I am trying to understand the difference in speed between my spark-submit and spark shell jobs. I start the shell or submit with the same resource allocations but I seem to be getting very different performance. When I run it in the shell it take ~10min vs. hr+ with spark submit. Then my question is, are the number of tasks shown in the progress bar of the REPL the same as the number of executors running in spark submit? I see very different numbers for each and I am wonder if I am doing something wrong.

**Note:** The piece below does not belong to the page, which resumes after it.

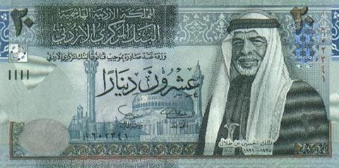 Иорданский динар. Купюра номиналом в 20 JOD, аверс.
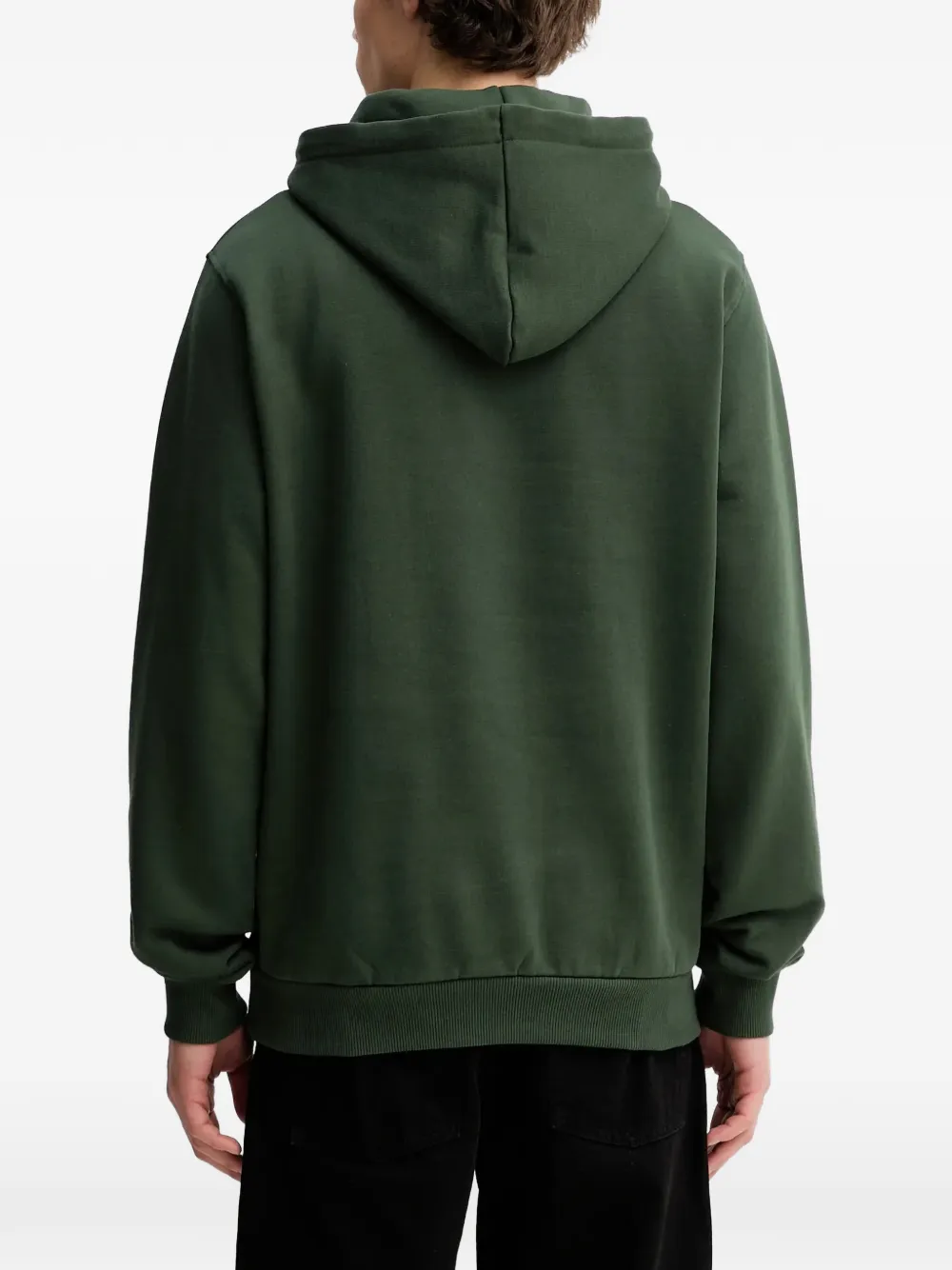 Зеленое худи с графическим принтом, кулиской, рубчатой отделкой низа и манжет, длинными рукавами, передним карманом-кенгуру

In the shell I start it with
--executor-cores 5 \
--executor-memory 16g \
--driver-memory 230g \
--conf "spark.driver.maxResultSize=100g" \
--conf "spark.network.timeout=360s
And I see 950 concurrent tasks
... pandas_df = intent_dict_rdd.map(lambda x: Row(**x)).toDF().toPandas()
[Stage 1:==============================> (19503 + 950) / 31641]
I do spark submit with the same resource allocation I only see 189 executors
18/07/19 23:44:25 INFO StandaloneAppClient$ClientEndpoint: Executor added: app-20180719234425-0001/189 on worker-20180719233757-10.0.108.198-33953 (10.0.108.198:33953) with 5 cores
18/07/19 23:44:25 INFO StandaloneSchedulerBackend: Granted executor ID app-20180719234425-0001/189 on hostPort 10.0.108.198:33953 with 5 cores, 16.0 GB RAM
I am using 10x m5.24xlarge machines so that is 96 cores and 384GB ram each. That is a total of 960 cores which looks a lot more like the number of tasks I see. The number of executors look a lot more like 960/5 cores each. Am I focusing on the wrong thing? Is there any other explanation for bad performance of spark submit vs. spark shell?